Operations that store the result into the operand are called in-place. They are denoted by a **_** suffix. For example: **`x.copy_(y), x.t_()`**, will change x.

In [25]:
print(tensor)

# Add 5 to the matrix in-place
tensor.add_(5)

# Print the updated tensor
print(tensor)

tensor([[8.0727e-02, 0.0000e+00, 1.1625e-01, 6.8079e-01],
        [5.7560e-01, 0.0000e+00, 2.0385e-05, 1.2446e-01],
        [9.7190e-01, 0.0000e+00, 6.0153e-01, 9.1177e-01]]) 

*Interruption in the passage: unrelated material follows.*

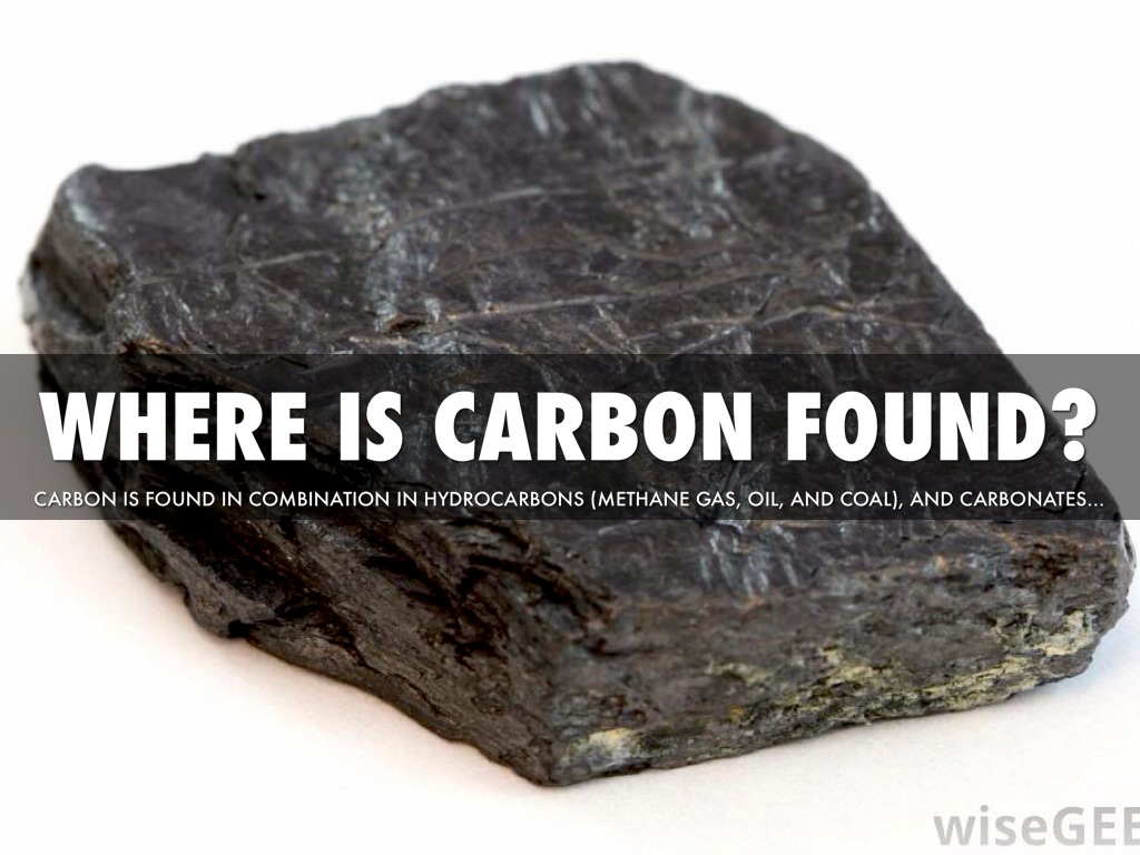 CARBON IS FOUND IN COMBINATION IN HYDROCARBONS (METHANE GAS, OIL, AND COAL), AND CARBONATES (LIMESTONE AND DOLOMITE).

tensor([[5.0807, 5.0000, 5.1163, 5.6808],
        [5.5756, 5.0000, 5.0000, 5.1245],
        [5.9719, 5.0000, 5.6015, 5.9118]])


#### Relation with Numpy

In [28]:
# Print the tensor
print(tensor)

# Convert to numpy
n = tensor.numpy()

# Numpy array
print(n) 

tensor([[5.0807, 5.0000, 5.1163, 5.6808],
        [5.5756, 5.0000, 5.0000, 5.1245],
        [5.9719, 5.0000, 5.6015, 5.9118]])
[[5.080727  5.        5.1162515 5.680785 ]
 [5.5755997 5.        5.0000205 5.124462 ]
 [5.971895  5.        5.601529  5.91177  ]]


In [29]:
# Convert numpy array to tensor
t = torch.from_numpy(n)

# Add the numpy array, changes will be reflected in the tensor too
np.add(n, 1, out = n)

print(t)
print(n)

tensor([[6.0807, 6.0000, 6.1163, 6.6808],
        [6.5756, 6.0000, 6.0000, 6.1245],
        [6.9719, 6.0000, 6.6015, 6.9118]])
[[6.080727  6.        6.1162515 6.680785 ]
 [6.5755997 6.        6.0000205 6.124462 ]
 [6.971895  6.        6.601529  6.91177  ]]


### Gradients

The gradient is used to find the derivatives of the function. In mathematical terms, derivatives mean differentiation of a function partially and finding the value.

In [30]:
# Create tensors with requires_grad = True
x = torch.tensor(3.)
w = torch.tensor(4., requires_grad=True)
b = torch.tensor(5., requires_grad=True)

print(x, w, b)

tensor(3.) tensor(4., requires_grad=True) tensor(5., requires_grad=True)


In [31]:
# Arithmetic operations
y = w * x + b
print(y)

tensor(17., grad_fn=<AddBackward0>)


To compute the derivatives, we can call the **`.backward()`** method on our result y

In [32]:
# Compute derivatives
y.backward()

# Display gradients
print('dy/dx:', x.grad)
print('dy/dw:', w.grad)
print('dy/db:', b.grad)

dy/dx: None
dy/dw: tensor(3.)
dy/db: tensor(1.)


**dy/dw** has the same value as x i.e. 3, and **dy/db** has the value 1. x.grad is **None**, because x doesn't have **requires_grad set to True**.